Teman dekatku di SMA ada dua orang, Luna dan Rita. Luna orang yang cukup heboh dan ceria, dia sering membahas hal yang tidak kumengerti. Saat aku bingung, dia akan langsung menjelaskan hal itu. Selanjutnya Rita, dia orang yang tenang dan tidak terlalu ekspresif, dia juga orang yang cukup dewasa. Berbeda dengan Luna yang mudah untuk dipahami, aku cukup kesulitan memahami Rita. Sangat sulit memahaminya. Padahal aku sudah berusaha mengamatinya lebih dalam lagi, tetapi usahaku percuma. Aku harus mengamatinya seperti apa untuk memahaminya?

Waktu berlalu, dan aku masih belum bisa memahaminya. Padahal dulu mudah bagiku memahami orang lain, kenapa sekarang jadi sulit?

Kala itu kami bertiga pulang bersama, kebetulan rumah kami searah. Aku masih mengamatinya sepanjang perjalanan, berusaha untuk memahaminya. Tiba-tiba saja seseorang memanggil Rita. Pria berumur sekitar dua puluh tahunan itu mendekat dengan wajah yang menunjukkan rasa bersalah, dia pasti ada urusan yang tidak mengenakkan dengan Rita.
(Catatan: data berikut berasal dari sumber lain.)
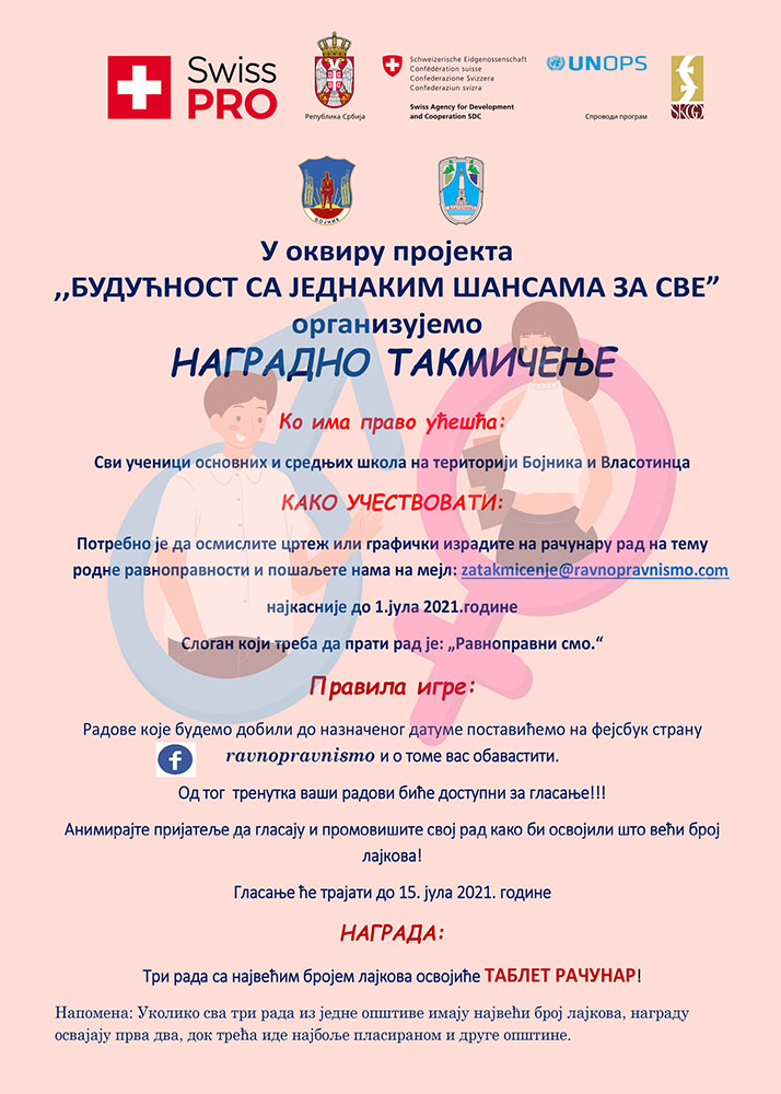 Позивамо све младе да нам пошаљу свој рад на тему родне равноправности. Прикажите нам у виду плаката како доживљавате родну равноправност, шта то за вас представља, шта је то што би требало урадити, за шта се ви залажете, шта је то што вам у друштву смета, шта би променили. Све ово можете представити у виду поруке или сликовитог приказа.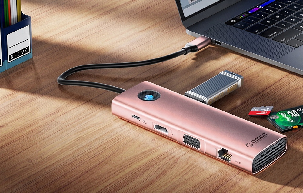 Док-станция Orico HUB 10-в-1 USB-C, HDMI, 3xUSB, SD/TF, аудио (розовое золото)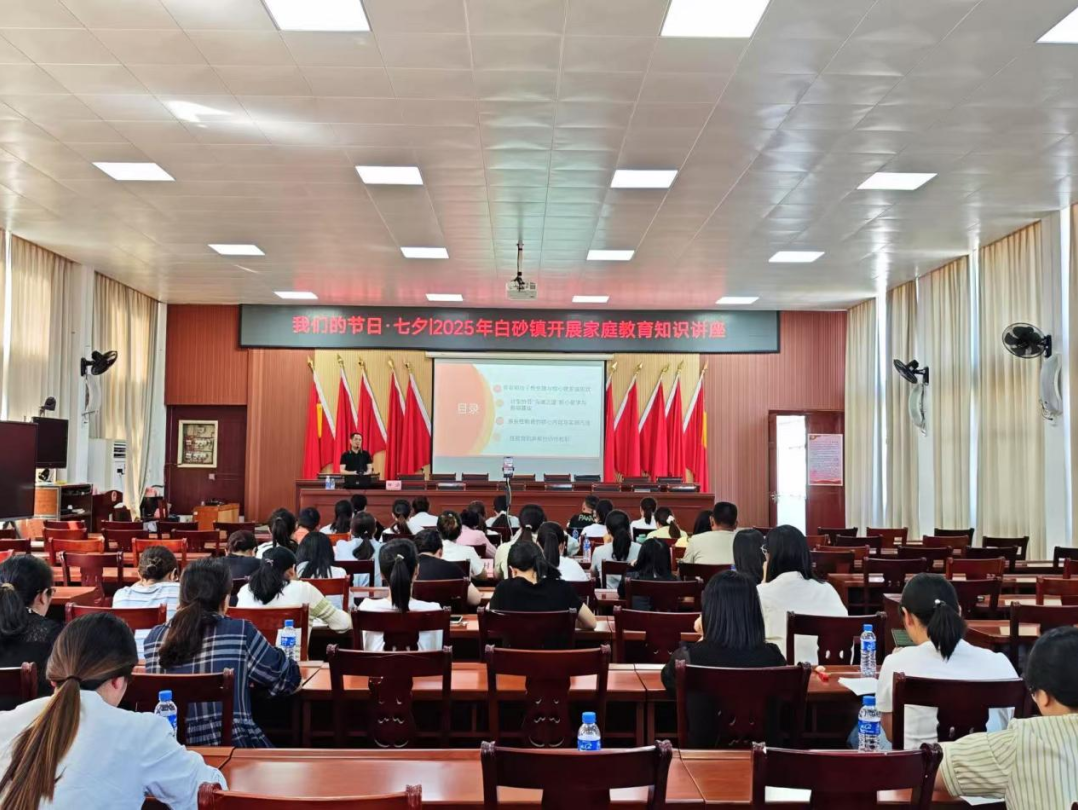 此次活动将传统文化传承与移风易俗有机结合,既让参与者感受到传统节日的文化魅力,又引导大家树立文明新风。下一步,旧县镇将继续以传统节日为契机,借助乡村文化会客厅的平台,开展更多形式多样的文化活动,让传统文化"活"起来,让文明新风"吹"进千家万户,为打造"多彩河湾·幸福旧县"注入文明力量。 白砂镇 七夕,在这个承载浪漫传说、象征家庭爱与传承的节日里,白砂镇开展家庭教育知识讲座,为家长送上“育儿指南”。

Rita yang kutahu itu tenang, dewasa, dan tidak terlalu ekspresif. Namun, saat melihat pria itu, ia menunjukkan ekspresi yang tidak pernah kuduga. Matanya melotot tajam, rahangnya menegang, amarah terpampang jelas di wajahnya. Ini adalah sisi yang tidak pernah kutemukan dalam dirinya. Rita melemparkan umpatan-umpatan pada orang itu hingga tangisnya pecah. Aku tidak mengerti dengan situasi ini, tapi aku bisa merasakan betapa besar amarah itu ada pada dirinya. Luna berteriak menyuruh pria itu pergi, sepertinya Luna tahu masalah mereka. Tidak lama kemudian pria itu pergi meninggalkan kami bertiga.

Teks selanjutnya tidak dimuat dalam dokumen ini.